Try it ▸
Scan the records below for the line with "第四教学楼呈L型,东侧正对南校区,西侧正对红梅街。" and the line with "Zara Blue and White Wrap Around Top", and retype that range exactly, both ends included, pictures excepted.

Given information ▸

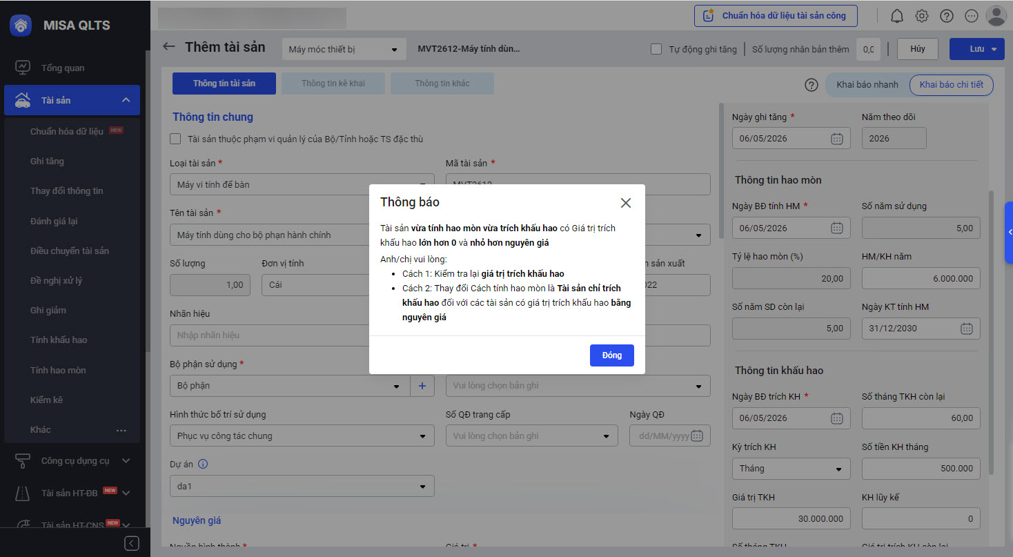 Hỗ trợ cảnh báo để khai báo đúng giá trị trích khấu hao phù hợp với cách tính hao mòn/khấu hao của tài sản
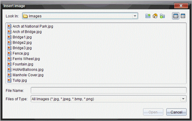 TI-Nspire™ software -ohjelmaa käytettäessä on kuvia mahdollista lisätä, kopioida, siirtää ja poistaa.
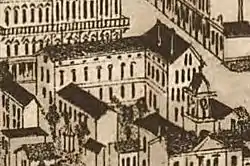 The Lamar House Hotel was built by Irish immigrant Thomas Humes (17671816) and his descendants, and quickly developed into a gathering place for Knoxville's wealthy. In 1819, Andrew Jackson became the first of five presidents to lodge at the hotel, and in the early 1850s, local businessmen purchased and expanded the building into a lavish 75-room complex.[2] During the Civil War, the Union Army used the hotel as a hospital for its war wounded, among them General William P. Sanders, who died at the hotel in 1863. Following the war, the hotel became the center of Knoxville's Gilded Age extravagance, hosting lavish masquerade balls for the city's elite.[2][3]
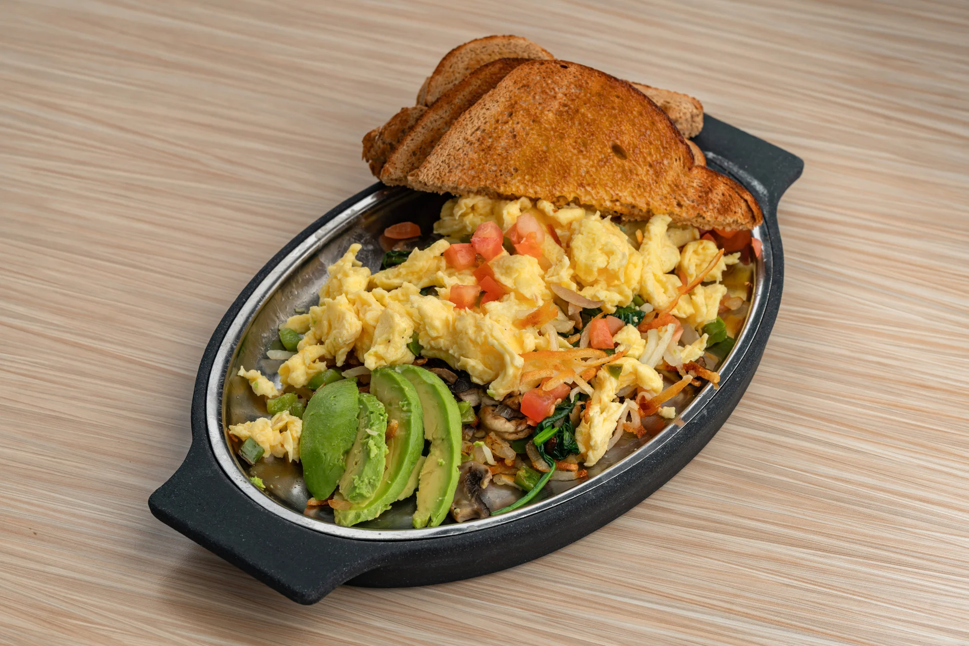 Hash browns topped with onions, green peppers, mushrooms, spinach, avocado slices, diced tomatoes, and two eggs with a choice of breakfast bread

==

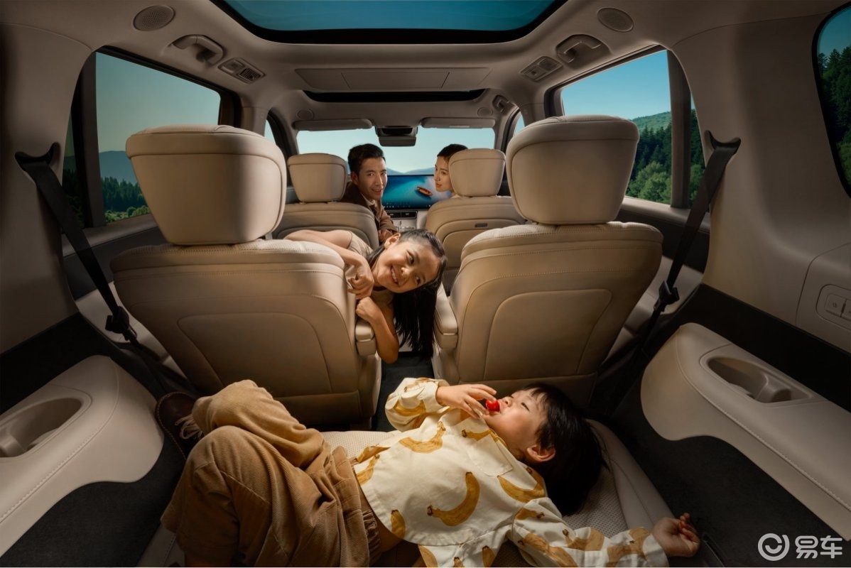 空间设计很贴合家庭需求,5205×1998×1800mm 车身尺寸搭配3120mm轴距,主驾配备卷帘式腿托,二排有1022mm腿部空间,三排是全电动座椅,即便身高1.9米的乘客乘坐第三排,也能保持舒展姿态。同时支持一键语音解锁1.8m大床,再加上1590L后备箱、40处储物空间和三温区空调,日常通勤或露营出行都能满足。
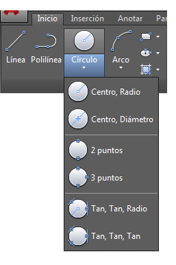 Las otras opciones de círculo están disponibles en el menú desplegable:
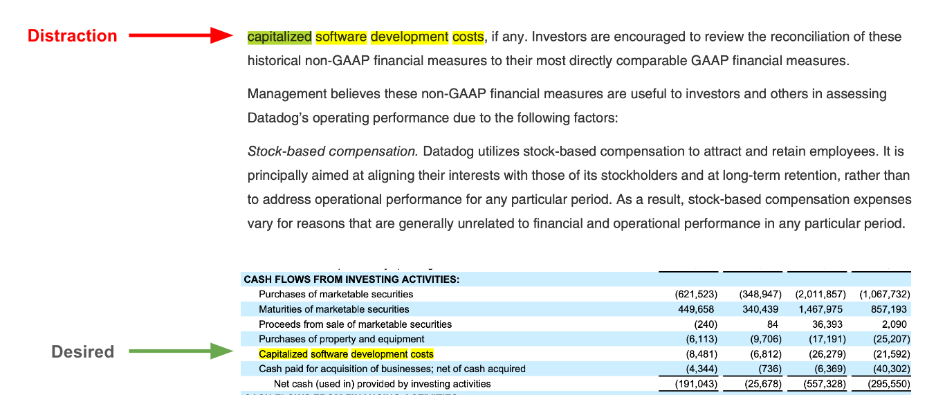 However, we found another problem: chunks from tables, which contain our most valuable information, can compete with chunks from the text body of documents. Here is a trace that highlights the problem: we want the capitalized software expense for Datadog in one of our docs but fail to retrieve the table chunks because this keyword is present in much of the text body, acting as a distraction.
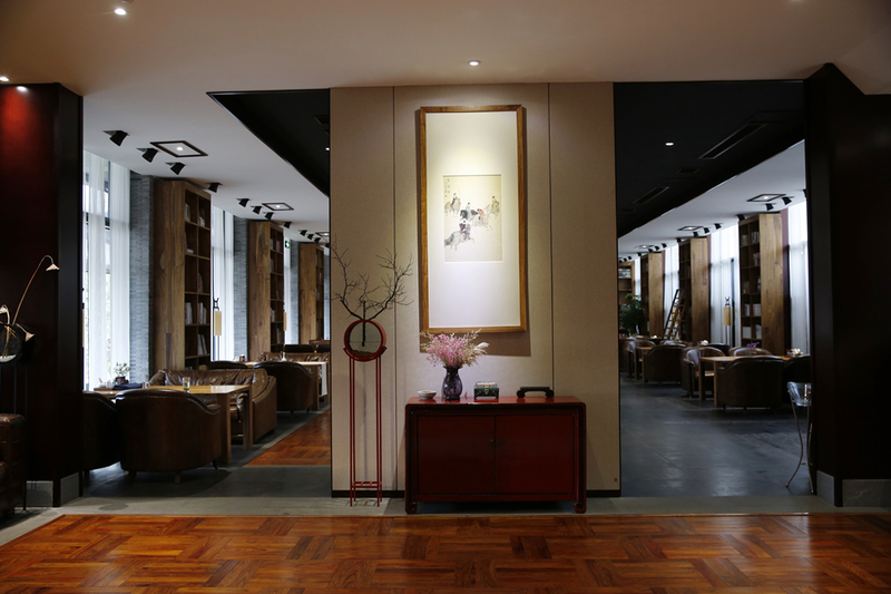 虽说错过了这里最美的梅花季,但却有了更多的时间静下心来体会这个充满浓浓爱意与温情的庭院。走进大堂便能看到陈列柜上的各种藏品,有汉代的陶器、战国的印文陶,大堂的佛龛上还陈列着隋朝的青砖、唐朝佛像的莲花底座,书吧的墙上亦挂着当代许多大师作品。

---

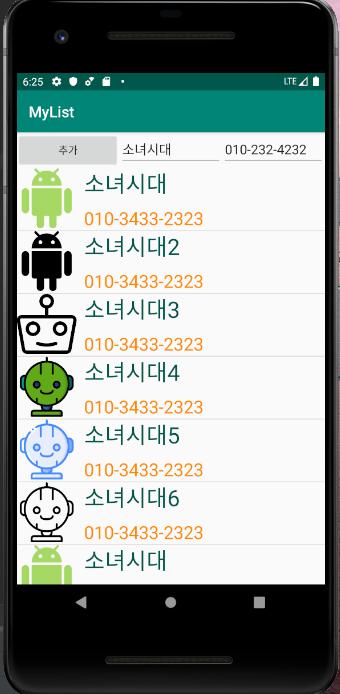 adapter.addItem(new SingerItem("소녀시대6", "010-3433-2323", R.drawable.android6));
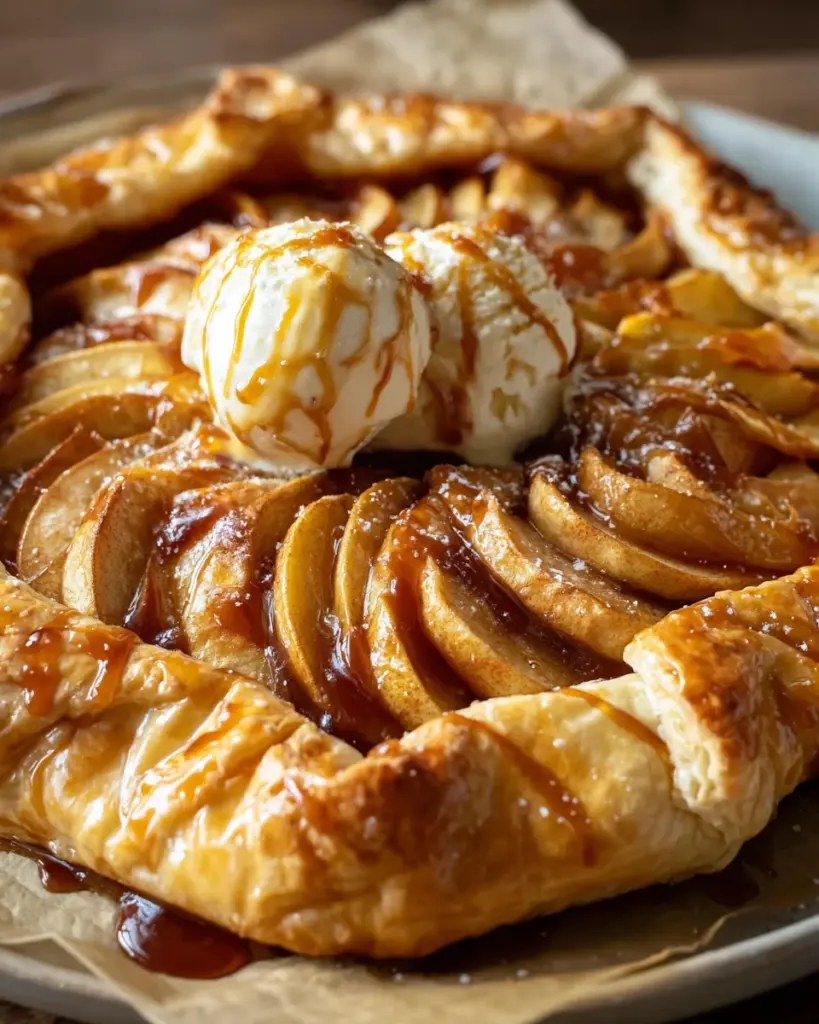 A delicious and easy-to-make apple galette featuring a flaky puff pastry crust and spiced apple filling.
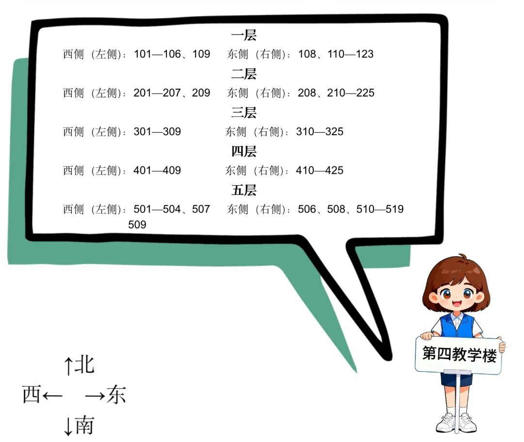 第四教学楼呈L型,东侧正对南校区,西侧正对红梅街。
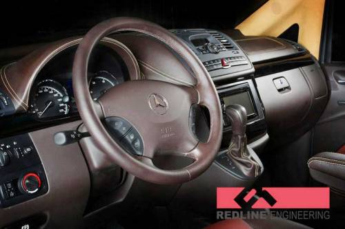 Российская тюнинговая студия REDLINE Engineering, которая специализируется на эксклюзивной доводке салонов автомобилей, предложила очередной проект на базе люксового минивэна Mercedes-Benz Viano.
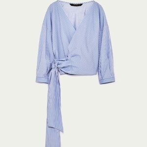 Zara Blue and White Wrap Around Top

Answer box ▸
 第四教学楼呈L型,东侧正对南校区,西侧正对红梅街。
 Российская тюнинговая студия REDLINE Engineering, которая специализируется на эксклюзивной доводке салонов автомобилей, предложила очередной проект на базе люксового минивэна Mercedes-Benz Viano.
 Zara Blue and White Wrap Around Top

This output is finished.